ACH Authorization Form for Troop Bank Accounts ACH Authorization

Girl Scouts Louisiana East
Corporate Headquarters
841 S. Clearview Parkway, New Orleans, LA 70121-3119
(504) 733-8220 (800) 644-7571 F (504) 733-8219
www.gsle.org
Regional Service Center
545 Colonial Drive, Baton Rouge, LA 70806
(225) 927-8946 (800) 644-7571 F (225) 927-8402
ACH Authorization Form for Troop Bank Accounts
If there are any changes to your troop’s bank account, a newly signed and dated form must be submitted to the
GSLE Finance department.
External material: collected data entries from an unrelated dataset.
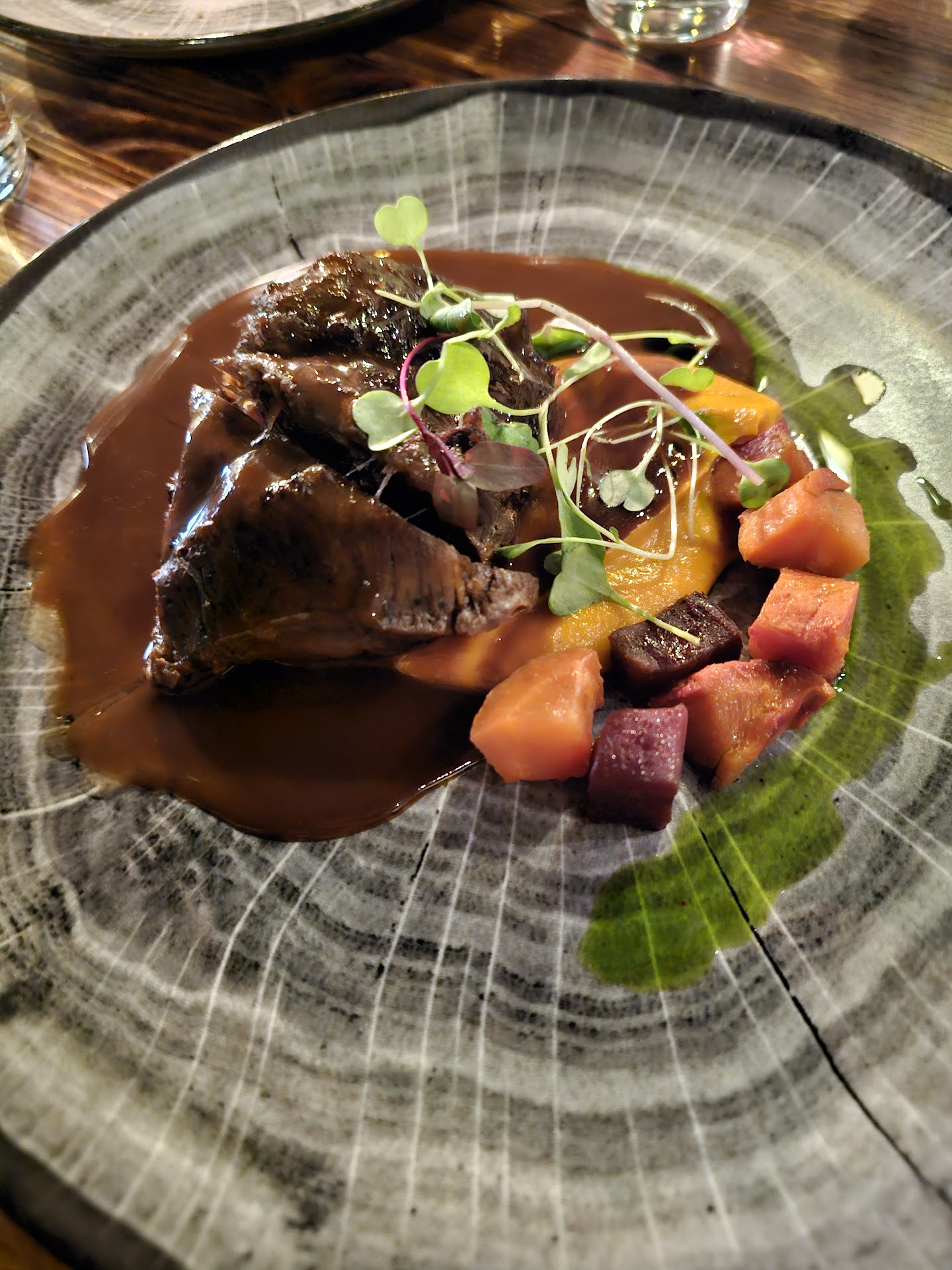 Read moreGood for location and alternatives as Finland is challenging on the price point and Rovaniemi is touristy as inherently to the marketing of Santa Town. Went here with a tour that included the lunch special of €30, which is buffet for starter and desert and choice of main a la carte. The beef cheeks were supersoft and tender, the starter from buffet are ok-ish. Long line forms for large groups entering at once (primetime 12:00), desert is cake, cookies and cheese. Drinks not included but water, coffee and tear are included as country standard and much appreciated that it's not nickled and dimed here. Coke is reasonably priced (€4/0.5L). Atmosphere is "cozy" unless you're unlucky placet to the buffet-queue. Service doesn't have a hard job given that's mainly buffet, but what's done is solid, friendly and not short of a smile and some smalltalk. Recommended, but doesn't knock you off your...
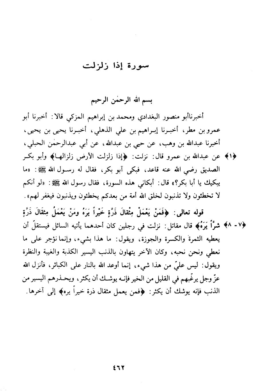 عَنْ عَبْدِ اللَّهِ بْنِ عَمْرٍو قَالَ؟ نَزَلَتْ: {إِذَا زُلْزِلَتِ الْأَرْضُ زِلْزَالَهَا} وَأَبُو بَكْرٍ الصِّدِّيقُ - رَضِيَ اللَّهُ عَنْهُ - قَاعِدٌ، فَبَكَى أَبُو بَكْرٍ، فَقَالَ لَهُ رَسُولُ اللَّهِ - صَلَّى اللهُ عَلَيْهِ وَسَلَّمَ - "مَا يُبْكِيكَ يَا أَبَا بَكْرٍ؟ " قَالَ: أَبْكَانِي هَذِهِ السُّورَةُ، فَقَالَ رَسُولُ اللَّهِ - صَلَّى اللهُ عَلَيْهِ وَسَلَّمَ - "لَوْ أَنَّكُمْ لَا تُخْطِئُونَ وَلَا تُذْنِبُونَ لَخَلَقَ اللَّهِ أُمَّةً مِنْ بَعْدِكُمْ يُخْطِئُونَ وَيُذْنِبُونَ فَيَغْفِرُ لَهُمْ ".
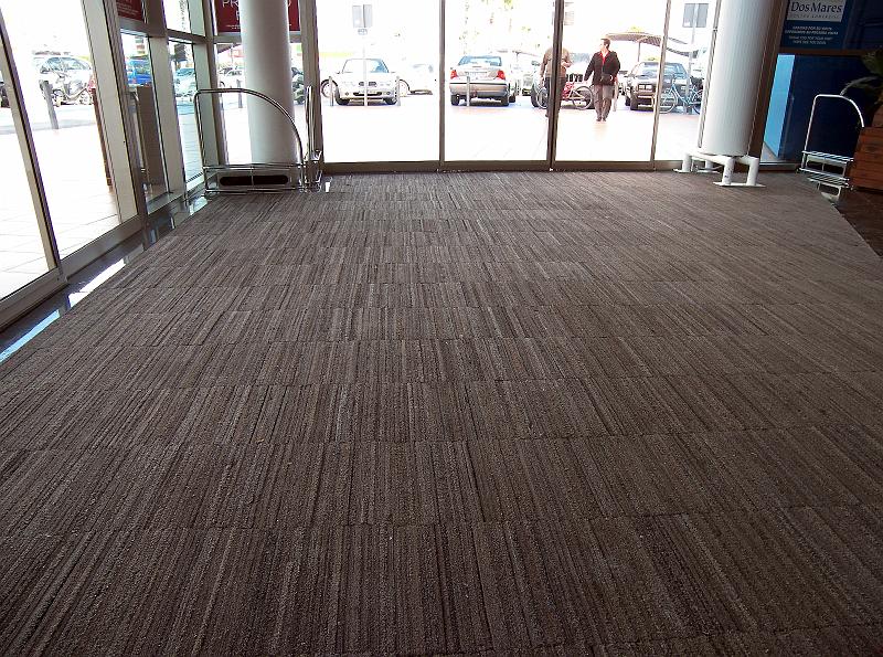 Felpudos de alta resistencia fabricados con neumaticos de avión reciclados en Centro Comercial Dos Mares (San Javier, Murcia)
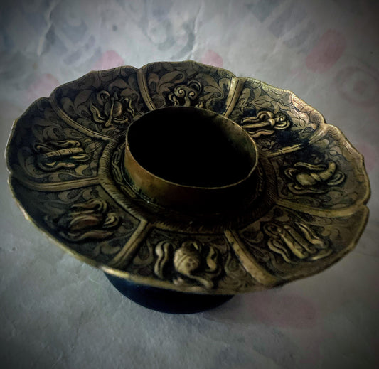 An antique silver kapala stand and cover
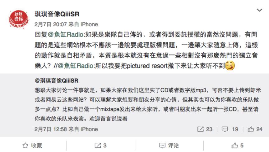 此前,就音乐平台的使用问题,琪琪音像在微博进行了小范围的讨论

These changes include adding or changing signers on an account.
Sample check detailing where the information can be found which will be necessary to complete this form.
Bank Account Information
Girl Scout Troop # _____________
Bank Name: ________________________________________________________________
Bank Routing # _______________________
Bank Account # _______________________
Email address to receive communications: ____________________________________
ACH Authorization
I, ____________________________________________, authorize Girl Scouts Louisiana East, Inc (hereafter
“GSLE”) to initiate credit and debit entries such as product sales payments, refunds, etc. to my account at the
financial institution (hereafter “Bank”) indicated on this form. Furthermore, I authorize the Bank to accept and to
credit entries indicated by GSLE.
Moreover, I understand that troops are responsible for the timely deposit of collected funds to ensure adequate
resources to cover all scheduled debits. The troop expressly authorizes repeat of any debit that fails for any
reason. Troops that have delinquent families must follow procedures for debt notification to reduce scheduled
debits.
This ACH Authorization must be completed and submitted to GSLE, with a copy of a voided check prior to the
start of the Cookie Program. Troops understand that they may not order or receive cookies until the ACH Debit
Authorization has been received.
This authorization is to remain in effect until this account is closed, or until GSLE has received written
notification from an authorized signer of its termination.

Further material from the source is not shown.